Without even waiting to hear what Mr. Class disclosed to his partner, Officer Meyer, in the way of registration, the insurance documents for the car which Mr. Class produced and were in order, Officer McNamee proceeded straight to the car and went inside.

Officer McNamee did not wait to hear any communication from his partner, and since there was no communication between the officers at the scene of the stop, Petitioner’s argument that the collective knowledge of the officers is plainly without any merit.

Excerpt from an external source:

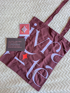 A Rita da Nova e a Joana da Silva juntaram-se à Cor Sem Fim para lançarem uma linha de merch do Livra-te, podcast que ouço religiosamente todas as quartas-feiras. A coleção conta com dois sacos de pano, um crachá e umas meias de rodapé. Claro que não resisti e encomendei um dos sacos de pano (a versão mais escura) e o crachá, que fica muito bem na minha estante (até encontrar o casaco ideal para o exibir). Os artigos são ainda mais bonitos ao vivo. E acho que podem ser uma excelente prenda (natal ou aniversário) para um amigo/familiar livrólico, independentemente de conhecer ou não o Livra-te. Talvez o crachá seja o mais limitador nesse sentido, mas as outras opções não têm essa fidelização, mesmo tendo o nome do clube.

This Court has held that one officer’s knowledge can be imputed to another officer only where there has been some kind of communication between the officers, or a directive, for instance from one police department to another police department, as the Court decided in Hensley.

William H. Rehnquist:

You say we held in Hensley that that was the only way it could be done?

Mark C. Cogan:

The only way that we have been able to find it in this Court’s decisions, that information can be imputed is where there has been communication.

William H. Rehnquist:

But your sentence could be confusing.

I think it’s one thing to say that the Court has held it may be done in this way, and has never held it may be done in any other way, and it’s another thing to say that the Court has held that it may be done in this way and only this way.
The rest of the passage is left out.